3.5. Hashtag Detection in Text
Hashtags are words or phrases preceded by the pound sign (#) and are commonly used on social media platforms to categorize and group similar content. Detecting hashtags in text is crucial for various applications such as topic modeling, sentiment analysis, and product recommendation. The process of hashtag detection involves analyzing the text and identifying words or phrases that are preceded by the pound sign, while considering factors such as word boundaries and punctuation marks. The extracted hashtags can then be used to gain insights into trending topics, user interests, or to enhance search and recommendation systems. In our work, we use the regular expression to detect the hashtags.
3.6. Product Attribute Matching
The purpose of product attribute matching is to ensure that extracted attributes meet specific criteria or requirements. Based on the identified attributes, retailers plan their future product assortments. This includes selecting or designing clothing items, accessories, and other fashion products that reflect the upcoming trends. One of the challenge of product attribute matching is multiple variants of representation for the same value of one attribute. For example, "vneck" and "V-Neck" is consolidated into "V-Neck" as neck product attribute.
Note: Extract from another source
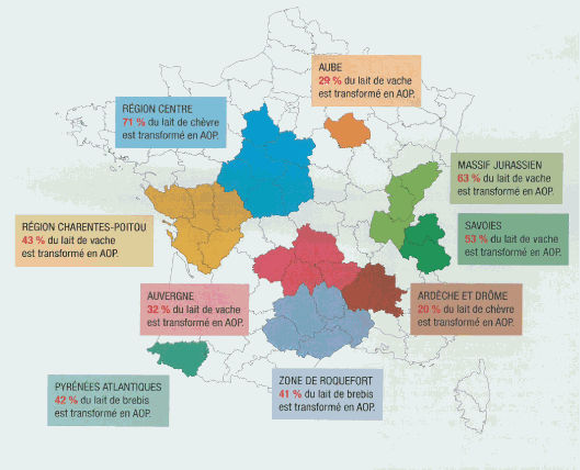 Ainsi, dans le massif du Jura, 63 % du lait de vache produit localement est transformé en AOP, et dans les départements de Savoie, ce taux avoisine les 53 %. L’activité économique de ces zones est donc intrinsèquement liée à la production sous AOP même si la valorisation de 100 % du lait produit est évidemment nécessaire pour les opérateurs.

Figure 7 shows our framework to match the predicted attributes to the existing catalog attributes. We exploit pre-trained bert uncased model. BERT is designed to pre-train deep bidirectional representations from unlabeled text by jointly conditioning on both left and right context in all layers. We create representations or embeddings for predicted attributes and existing product attributes. Finally, we use cosine similarity to match the similar product attributes from the catalog.
Summary: As shown in
Figure 2, our proposed approach relies on four successive steps. First, the
text and image extraction step that extracts all the text (paragraphs) and relevant images from the given PDF files. Second,
attribute extraction step, that uses LLM models to extract relevant attributes from the images and text. Third,
merging step, we consolidate attributes into each category and keep unique values for each attribute. Finally,
catalog matching step, helps retailers to find a product that matches with existing inventory and plan for future assortment.